Top of Working data
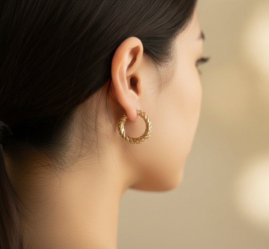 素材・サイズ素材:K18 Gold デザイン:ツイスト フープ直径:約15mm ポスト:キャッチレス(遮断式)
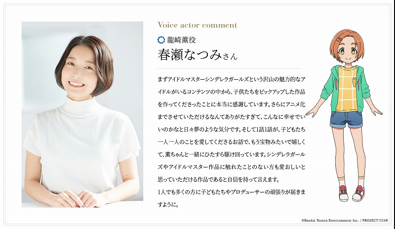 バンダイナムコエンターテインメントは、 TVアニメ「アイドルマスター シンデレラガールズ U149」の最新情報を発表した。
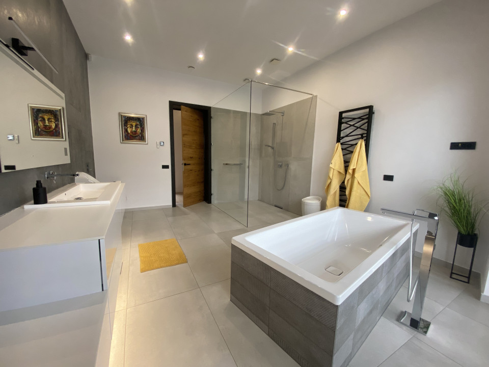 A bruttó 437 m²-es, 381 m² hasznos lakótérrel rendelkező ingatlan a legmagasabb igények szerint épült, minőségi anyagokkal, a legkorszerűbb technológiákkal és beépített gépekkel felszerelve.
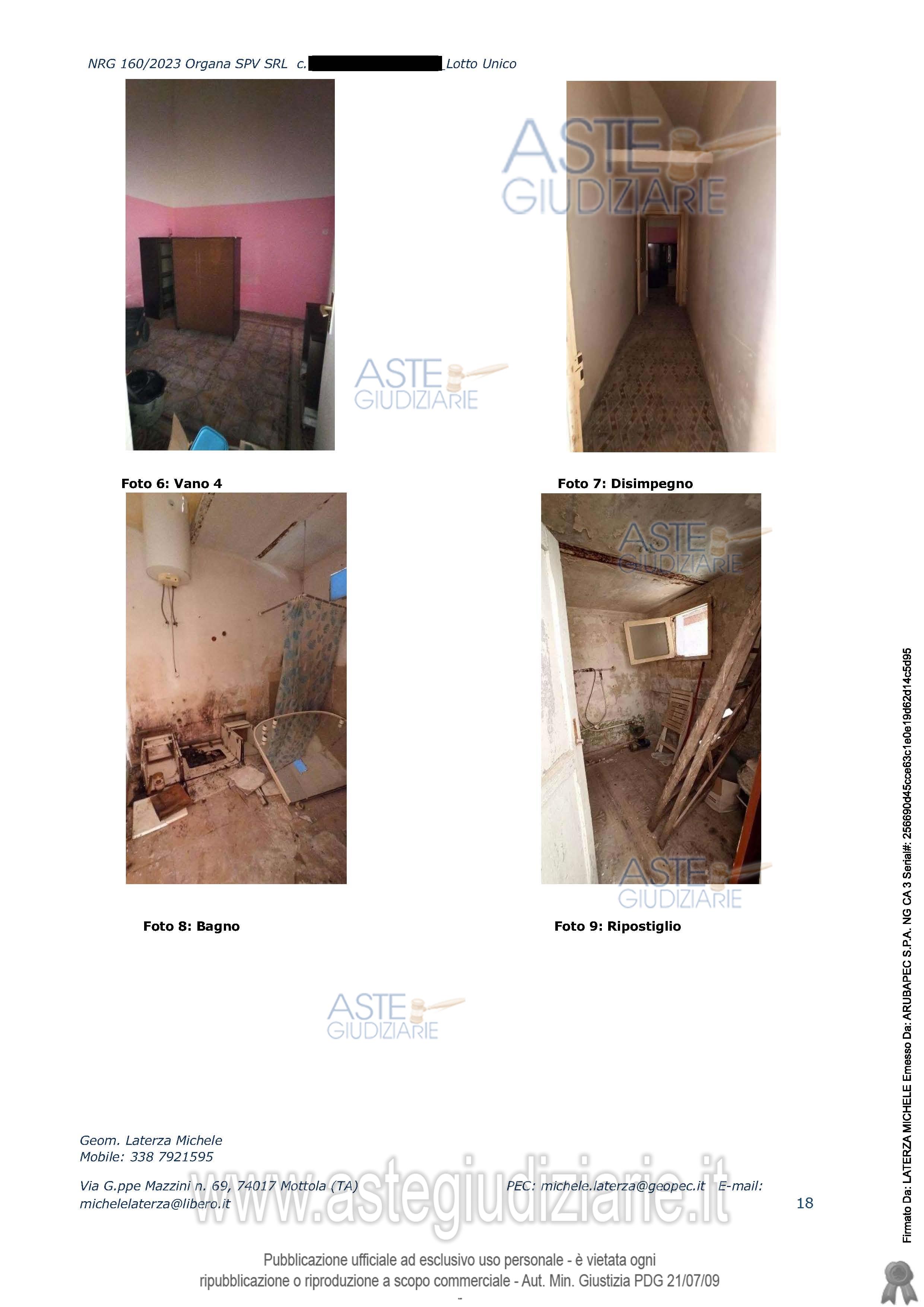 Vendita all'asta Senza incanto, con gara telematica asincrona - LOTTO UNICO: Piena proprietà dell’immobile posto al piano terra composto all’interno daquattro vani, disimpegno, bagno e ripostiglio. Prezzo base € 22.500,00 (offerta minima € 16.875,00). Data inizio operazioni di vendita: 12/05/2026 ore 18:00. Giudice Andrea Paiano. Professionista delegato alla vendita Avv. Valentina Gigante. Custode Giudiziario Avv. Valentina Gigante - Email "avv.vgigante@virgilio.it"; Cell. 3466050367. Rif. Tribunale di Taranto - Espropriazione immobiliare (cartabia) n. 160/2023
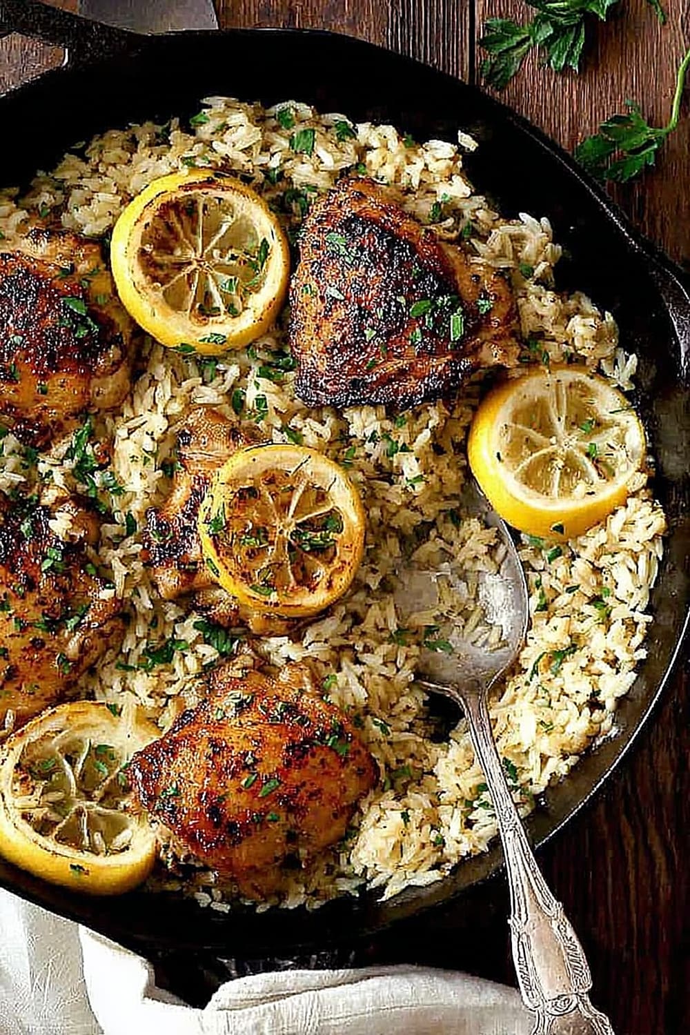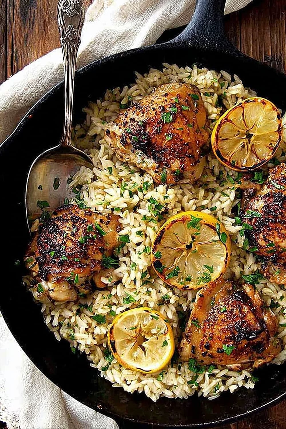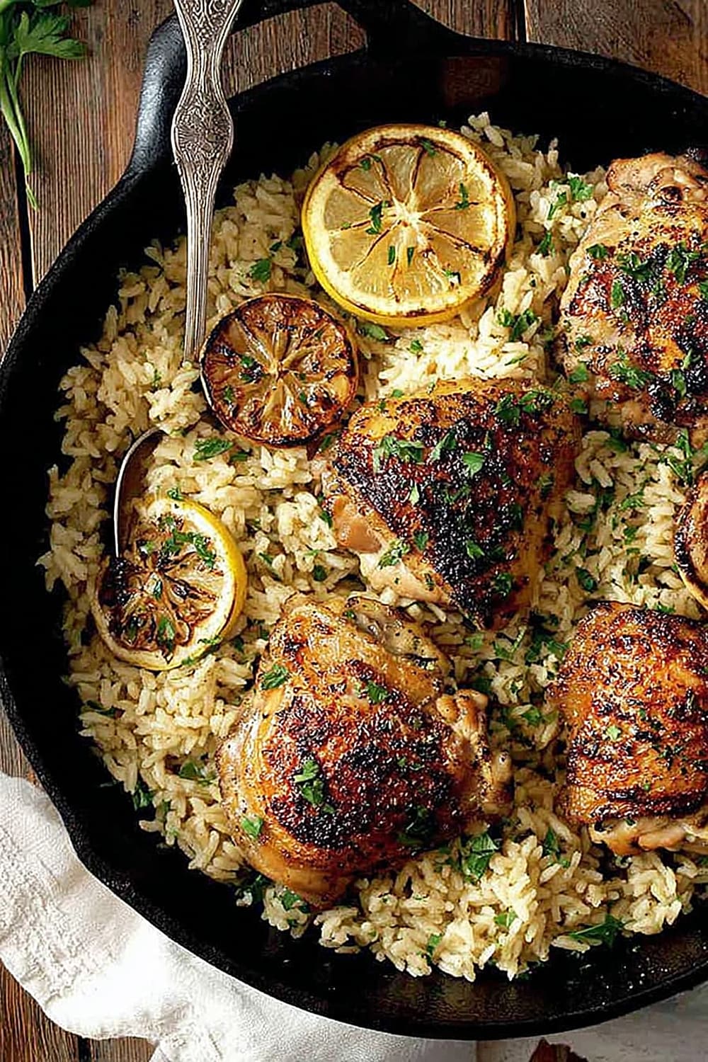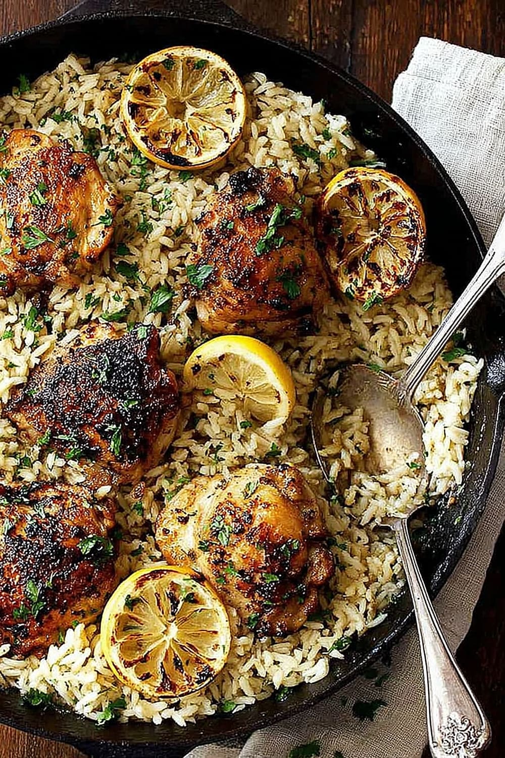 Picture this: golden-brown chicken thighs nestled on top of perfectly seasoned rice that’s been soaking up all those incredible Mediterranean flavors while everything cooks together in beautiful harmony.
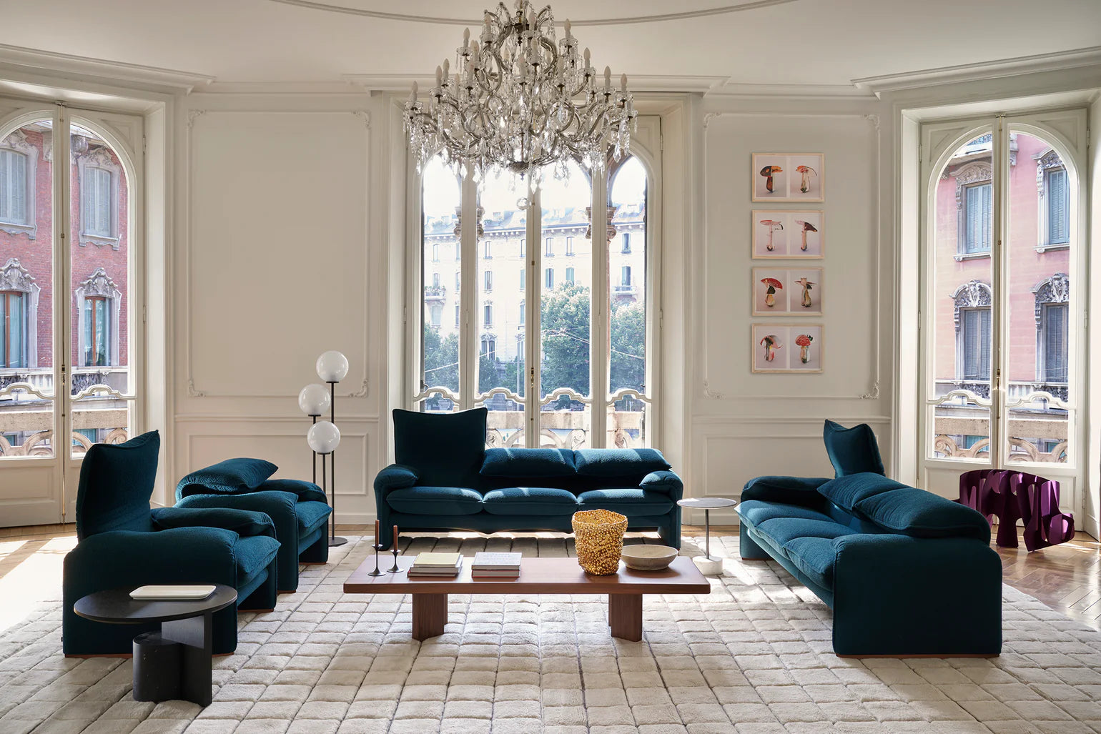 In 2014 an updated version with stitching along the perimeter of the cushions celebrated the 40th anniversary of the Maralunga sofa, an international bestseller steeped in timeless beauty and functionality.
Bottom of Working data
Work instruction: Set the lines above down again, word for word, from the first through the one containing "A bruttó 437"; pictures excluded.

Response:
 素材・サイズ素材:K18 Gold デザイン:ツイスト フープ直径:約15mm ポスト:キャッチレス(遮断式)
 バンダイナムコエンターテインメントは、 TVアニメ「アイドルマスター シンデレラガールズ U149」の最新情報を発表した。
 A bruttó 437 m²-es, 381 m² hasznos lakótérrel rendelkező ingatlan a legmagasabb igények szerint épült, minőségi anyagokkal, a legkorszerűbb technológiákkal és beépített gépekkel felszerelve.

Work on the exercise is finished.